Yoksa dünyada âmâ olan ahirette âmâ olacak. Şahsen ben olmak
istemiyorum. Takdir-i İlâhî bu yöntem aklıma geldi. Madem millet
negatif telkinlerle yoldan çıkıyor. Bu oluyorsa, âyet koysak, Kur’ân
koysak, olur mu olur, ilk olarak oğlum Emir’de denedim. Nurun alâ
nur. Celcelutiye zaten benim miracımdır. “Şeyhiniz var mı?” diyorlar.
“Var: Celcelutiye ve işaret ettiği manalar” diyorum. Oradaki şifreli
harfler olsa dedim ve yaptığım çalışmalar içine bu kayıt tekniğini
ekledim. Ve biiznillah oldu. Bütün kerâmet bu dualardadır. Allah
himmetlerini üstümüzden eksik etmesin.
Zihin, egodan dolayı karmaşık şeyleri sever. Ama aslında hayatın
sırrı kolaylık ilkesiyle açılıyor. Zorlaştıran biziz. Zanlarımız...

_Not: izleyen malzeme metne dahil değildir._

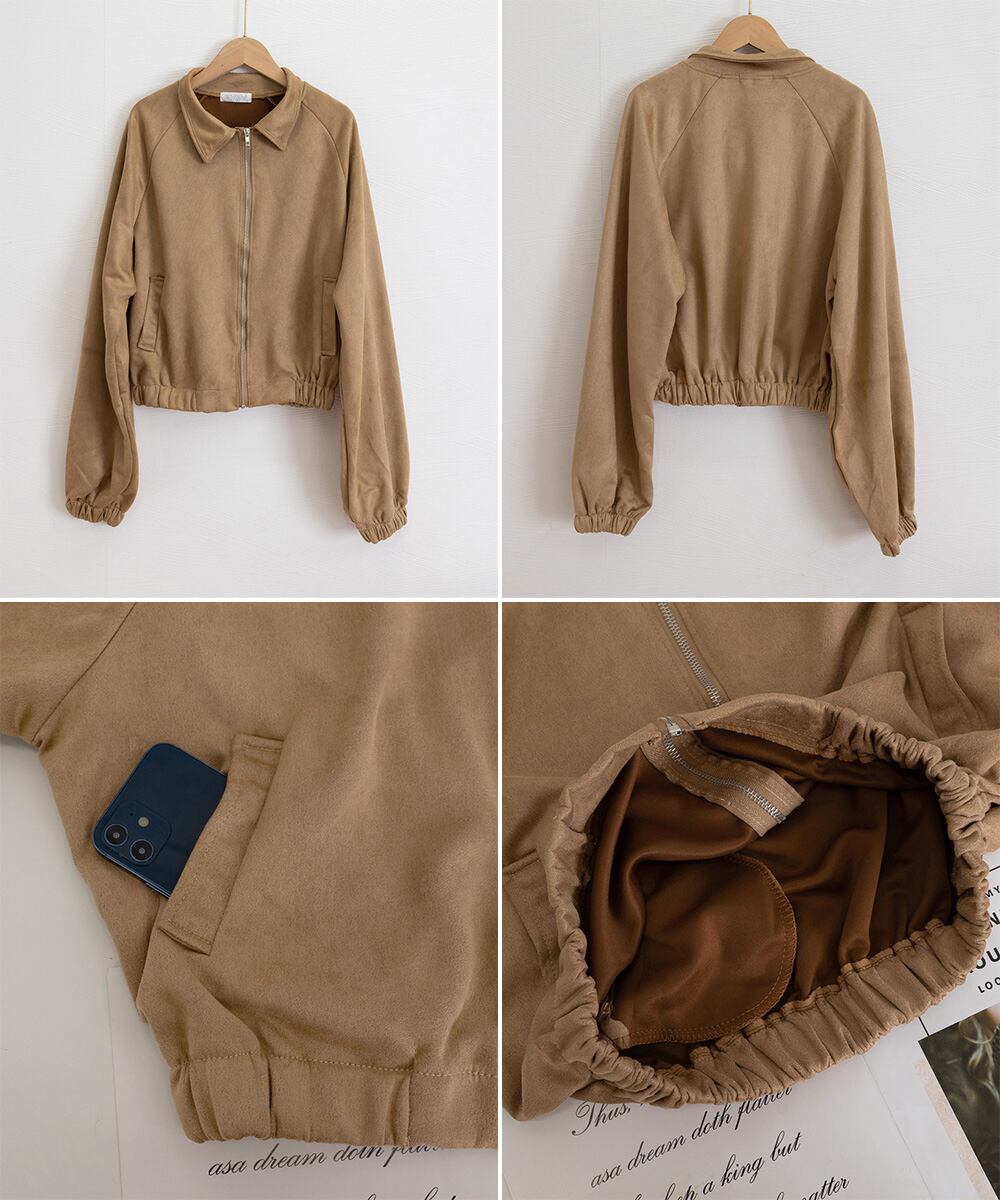 柔らかいマイクロスエード調素材で、手触り抜群のショート丈レディースジャケット。
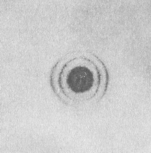 ![]() Рис. 64. Осаднение на шкірі навколо вхідний рани від впливу предпулевого повітря (кільце повітряного осаднения). |
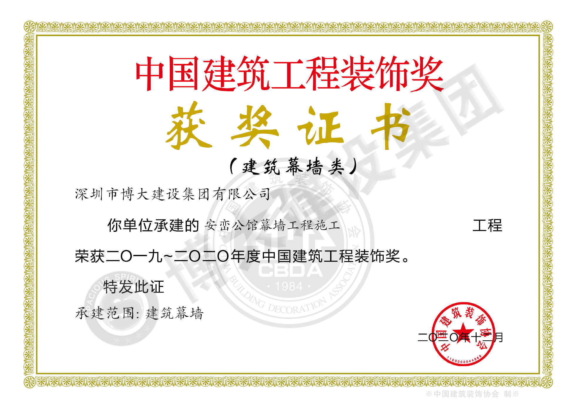 中國建筑工程裝飾獎(安巒公館幕墻施工)

Daha önce kimsenin aklına gelmedi mi?


Aslında bu çok yeni bir şey değil. Yani bu teknik zaten var. Dünyada
kullanılıyor. Ve sonuçlar alınıyor. Benim yaptığım tek farklı şey, insan
telkinleri yerine İlâhî telkinleri koymak. Sadece bu.

Nasıl dinlemeliyiz?
Dinlemek için özel bir şey yapmanıza gerek yok. Normal günlük
yaşantınıza devam ediyorsunuz. Özel olarak başında oturmaya ve
herhangi bir ritüel yapmaya gerek yok. Siz sadece müziği
dinliyorsunuz. Müzik altındaki telkinler bilinç altına akıyor. O âyetler
veya dualar, telkinler bilinçaltı düzeyde işlemleri gerçekleştirirken,
sizde dönüşüm işlemleri başlıyor. İş yaparken, uyurken, yemek yerken,
arabada... Hiç fark etmez. Orada basitçe normal görüntüde siz güzel
bir müzik dinliyorsunuz?! Ama aslında altında hazine var.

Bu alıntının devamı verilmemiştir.